The first step of our current code is to create a dataframe for our outputs. We still want to do that, but without us defining each possibility ourselves inside the function. Instead, we will provide a vector of possibilities, and have R iterate through those to make our columns. We can use a for() loop for that.

First, we’ll create a vector of our possibilities, in this case our pets:

possible_columns = c("dog", "cat", "fish", "bird", "reptile", "rock", "none")

Next, we need code to iterate through those possibilities, and create a dataframe from them. We’ll start with making what we know, a column for IDs which has as many rows as our intended input, pet_vector from above. Next, we will iterate through all possible options, and make a new column for each. Here I iterate through our possible_columns vector, and for each element (option in the loop) I create a column of NAs.
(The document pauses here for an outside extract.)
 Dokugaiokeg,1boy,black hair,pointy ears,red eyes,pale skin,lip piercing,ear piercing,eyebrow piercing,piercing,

# make a base dataframe with rows for each of our cases.
pet_output = data.frame(
  "id" = 1:length(pet_vector)
  )

# iterate through all optinos and create a column with NAs for it
for(option in possible_columns){
  
  # make a new column with a character version of each possible option.
  pet_output[, as.character(option)] = NA
  
}

If we look at out output now, it is exactly the same as if we made each column ourselves, but now it is done by providing a vector of options. And we can change those options to whatever we want. This will come in handy later.

Test for Each Option

Our next step, as before, is to test for each possible option and fill in the respective columns. We will use iteration here as well.
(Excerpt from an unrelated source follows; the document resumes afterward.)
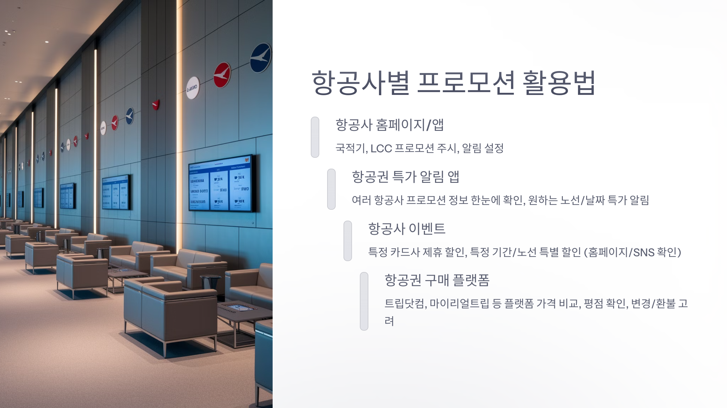 요약: 항공사 프로모션 알림 설정, 가격 비교 플랫폼 활용, 사전 준비 철저, 취소표 공략, 다양한 방법 활용

Using the same principle as above, iterate over each option in possible_columns and use grepl() to test if the pet appeared in that case. Fill the respective columns. Make sure that pet_vector and possible_columns are reset to normal before you try!

The following code will iterate through possible_columns and replace the pattern grepl() is looking for with each option. It will test for that option, and save the results in the corresponding column.
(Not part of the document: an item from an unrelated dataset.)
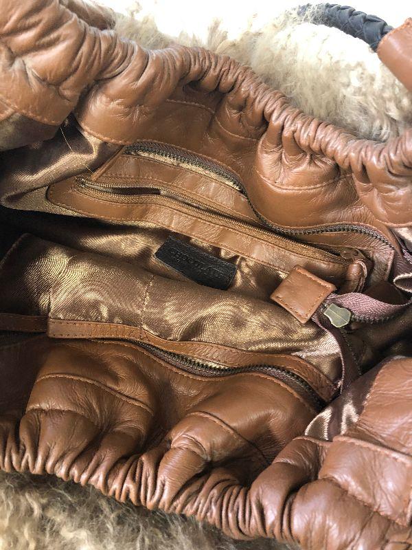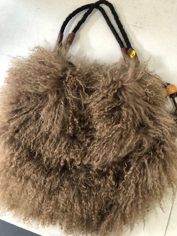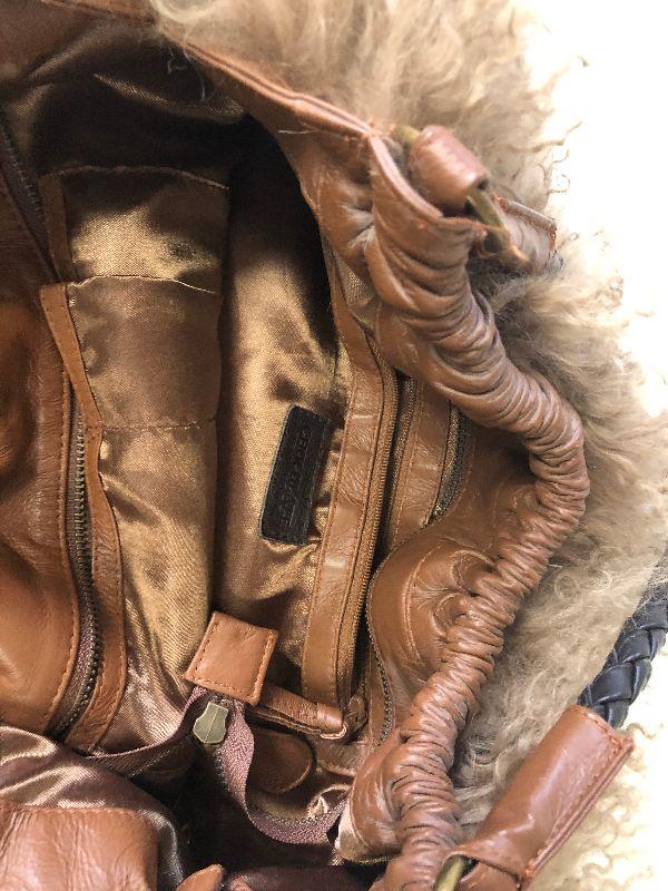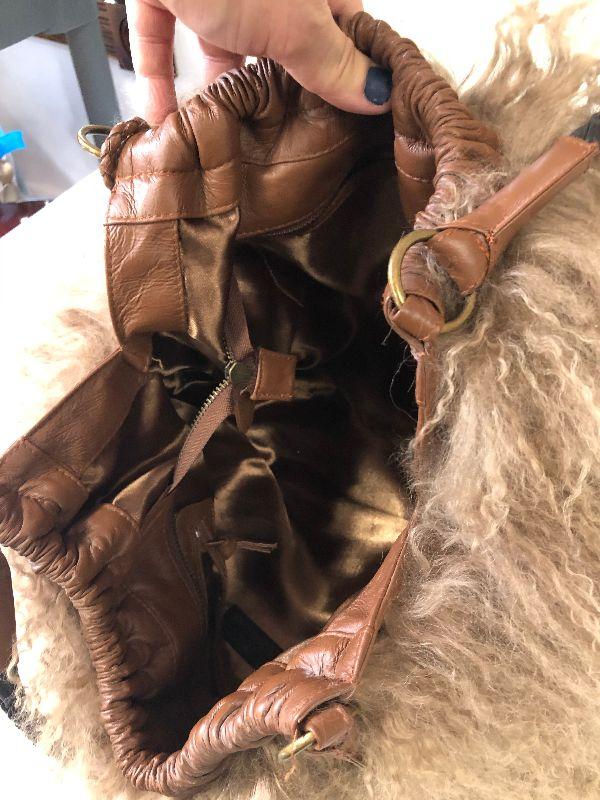 Chocolate of New York furry purse with leather interior.

for(option in possible_columns){
  
  # fill dataframe iterativly.
  pet_output[ , option] = grepl(option, pet_vector, ignore.case = TRUE)
  
}

Remove the Known Options to Find “Other”

Once we have our “knowns” taken care of, we can work on the others. The process is nearly identical, just swap grepl() with gsub() and apply it to pet_vector like before.

Iterate over each option in possible_columns and use gsub() to remove all of our known possibilities (and commas) from pet_vector. You can then use trimsws() to remove the extra spaces. Assign the remaining values to the “other” column of pet_output.

The following will remove all known possibilities, clean the remainder, and assign it to the ‘other’ column.

for(option in possible_columns){
  
  # remove all known options
  pet_vector = gsub(pattern = option, pet_vector, replacement = '', ignore.case = TRUE)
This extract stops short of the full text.